Bustin in 2001, reviewed and revised the nomenclature for HMG proteins. The HMG proteins consisted of three types: HMGB, HMGN, and HMGA. Each type has a characteristic functional sequence motif. The functional motif of HMGB type is called the HMG-box. HMBN type is called the nucleosomal binding domain and the HMGA type is called the AT-hook.
Proteins, which contain any of these functional motifs in their sequences, are known as HMG-motif-proteins. HMG-1/-2 therefore is known as HMGB- 1/-2, HMG-14/-17 is known as HMGN-1/-2, and HMG-I/-Y is known as HMGA-1/-2.
Characterization and Structure of HMGB-1/-2
Sequence comparison studies have demonstrated that there is approximately 80% sequence conservation in HMGB 1/2 proteins among a wide variety of eukaryotic species (Chinese hamster, pig, bovine, human). Bovine HMGB-1 is 99% and rat HMGB- 1 is 97% homologous to human HMGB-1 protein. This sequence conservation among species indicates that HMGB 1 may have an essential function in the cell. Additionally some of the HMGB1 proteins from Drosophila and Chironomus cells undergo post-translational modification in which the serine residues located in their acidic tails are phosphorylated. Phosphorylation appears to be a contributing factor to both the conformational and metabolic stability of the protein.
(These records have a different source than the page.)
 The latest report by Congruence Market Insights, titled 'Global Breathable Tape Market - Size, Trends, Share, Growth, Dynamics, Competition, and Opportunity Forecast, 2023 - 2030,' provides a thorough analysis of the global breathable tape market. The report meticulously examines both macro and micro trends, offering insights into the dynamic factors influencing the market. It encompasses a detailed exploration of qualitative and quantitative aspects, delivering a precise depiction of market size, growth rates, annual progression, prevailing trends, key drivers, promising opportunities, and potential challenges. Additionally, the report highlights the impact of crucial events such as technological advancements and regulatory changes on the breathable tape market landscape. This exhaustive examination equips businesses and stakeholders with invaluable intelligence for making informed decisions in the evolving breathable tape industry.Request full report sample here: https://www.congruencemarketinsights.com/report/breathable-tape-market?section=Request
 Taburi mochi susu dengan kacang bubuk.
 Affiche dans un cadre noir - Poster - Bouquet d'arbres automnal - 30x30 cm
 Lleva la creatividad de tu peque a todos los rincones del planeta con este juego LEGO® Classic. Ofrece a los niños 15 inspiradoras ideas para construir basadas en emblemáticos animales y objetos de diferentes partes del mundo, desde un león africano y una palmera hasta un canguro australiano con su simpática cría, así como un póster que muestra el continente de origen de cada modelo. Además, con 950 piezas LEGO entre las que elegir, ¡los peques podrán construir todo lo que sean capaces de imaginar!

HMGB1 interacts with DNA in a non-sequence specific manner, but interestingly HMGB1 can aid in sequence-specific DNA reactions in vitro. However, new research has indicated that HMGB1 has rudimentary sequence recognition capabilities which when coupled with its cooperative interaction with the ZEBRA activator leads to binding specificity. Other evidence for rudimentary sequence recognition comes from NMR structural studies of non-histone protein 6A (NECP6A), a Saccharomyces cerevisiae homologue of HMGB1. The NHP6A amino acid residues of methionine and phenylalanine intercalate the DNA leading to rudimentary DNA binding specificity.
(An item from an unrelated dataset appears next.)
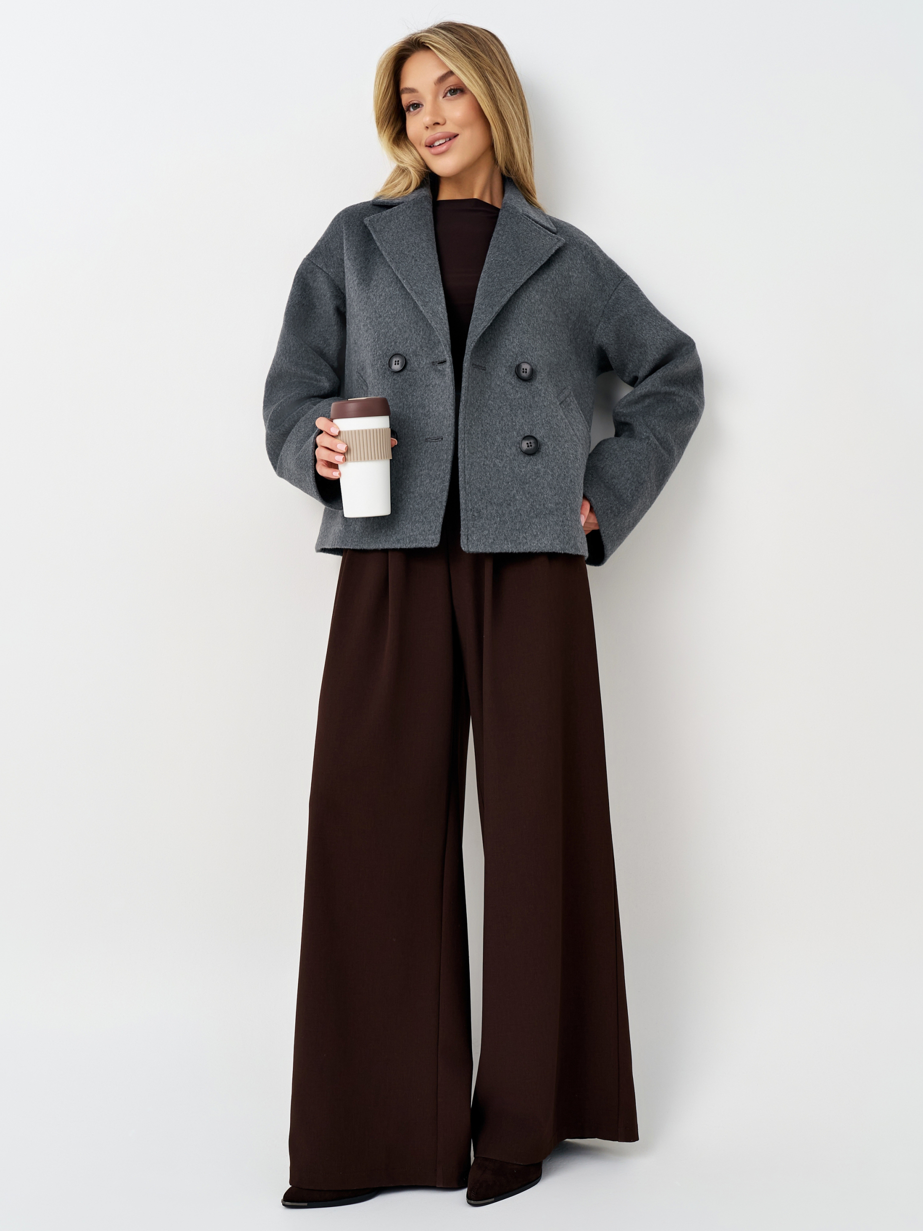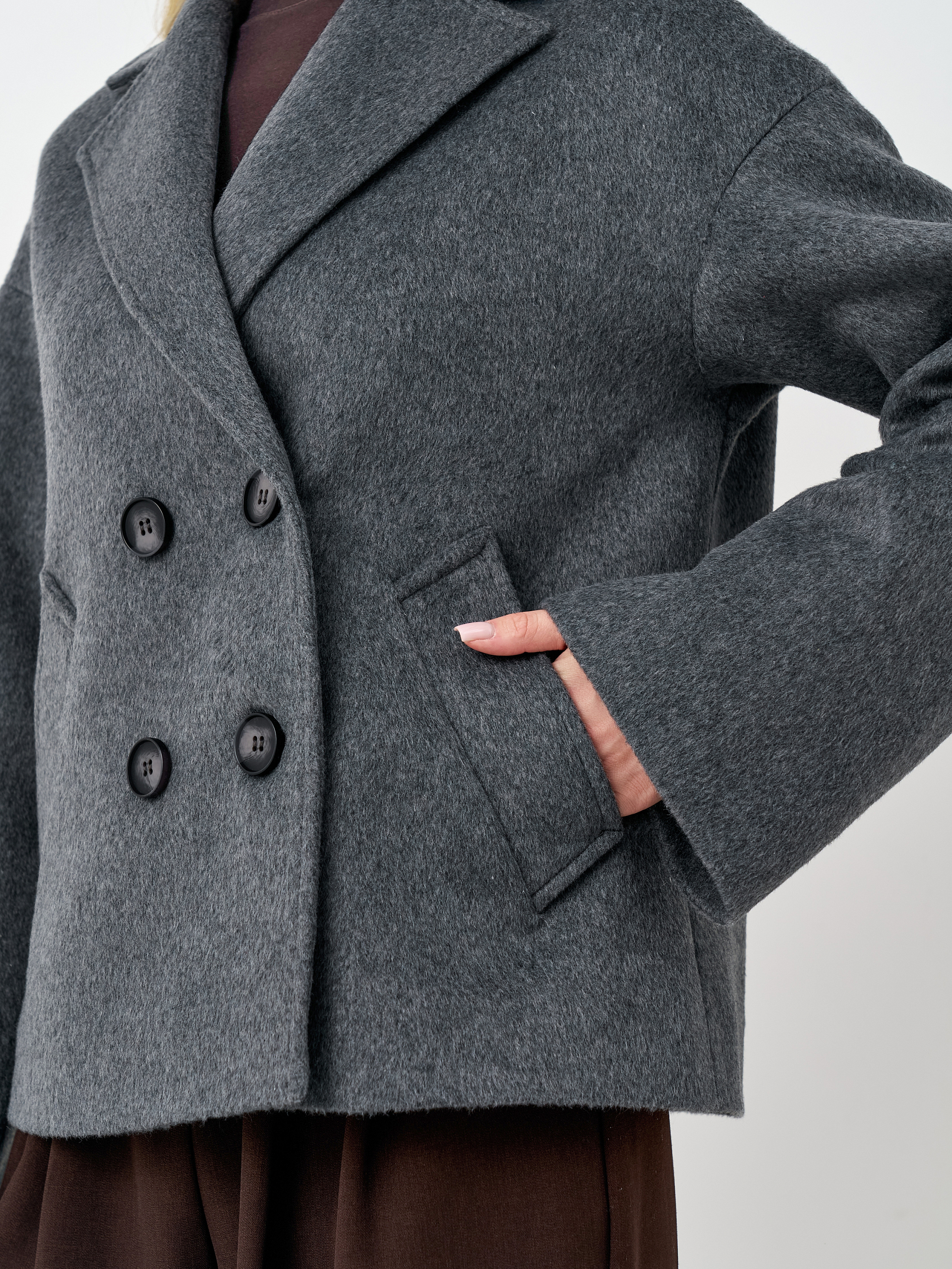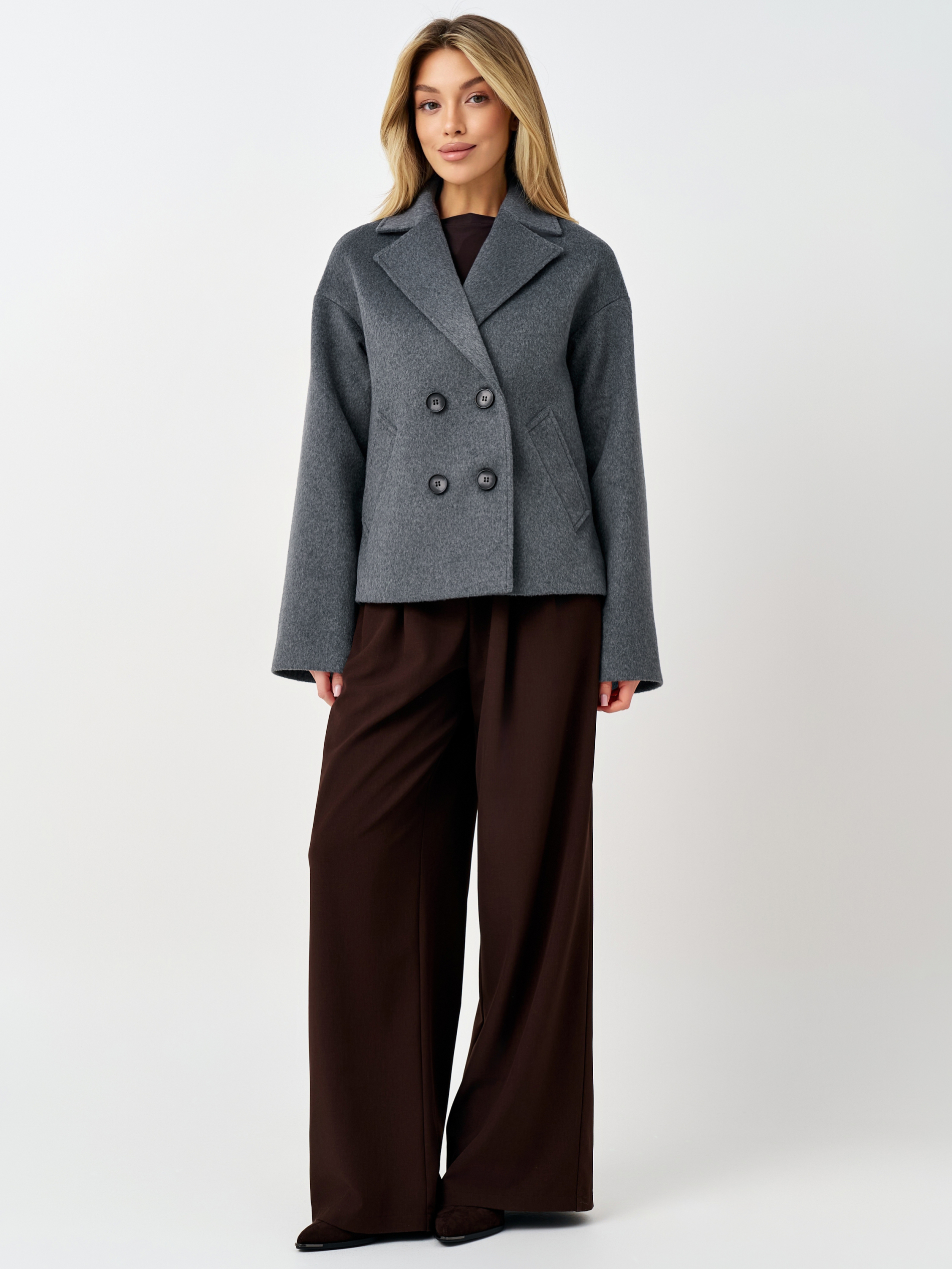 Пальто женское демисезонное 27332 (серый ворсовый)

Both HMGB1 and HMGB2 have a tripartite structure. The first two regions contain a non-identical internal repeat forming the two HMG boxes called box A (1-79) and box B (90-163). These two domains are conserved from trout to humans, have a globular structure and can be isolated by controlled proteolytic digestion. Each of these domains is rich in charged amino acids with a net positive charge of +20. Residues 80-89 form a link between the two boxes. These boxes are not only able to bind DNA but they also can fold and/or bend it. The third domain of HMGB1 is the acidic carboxy-terminal tail, lacks an identifiable ordered structure. The first 20 residues have a net charge of +8, with lysine residues accounting for the positive charges. The last 29 residues make a continuous stretch of acidic amino acids, which is able to interact with histone HI in in vitro assays. A block schematic is shown below which details these regions in HMGB1.
HMGB-2 shows 86% identity in the A/B domains with HMGB-1, but in the acidic C terminal the identity is only 50% in the sequences. There are 30 negatively charged residues in the C terminus of HMGB-1 whereas HMGB-2 has 22 of them.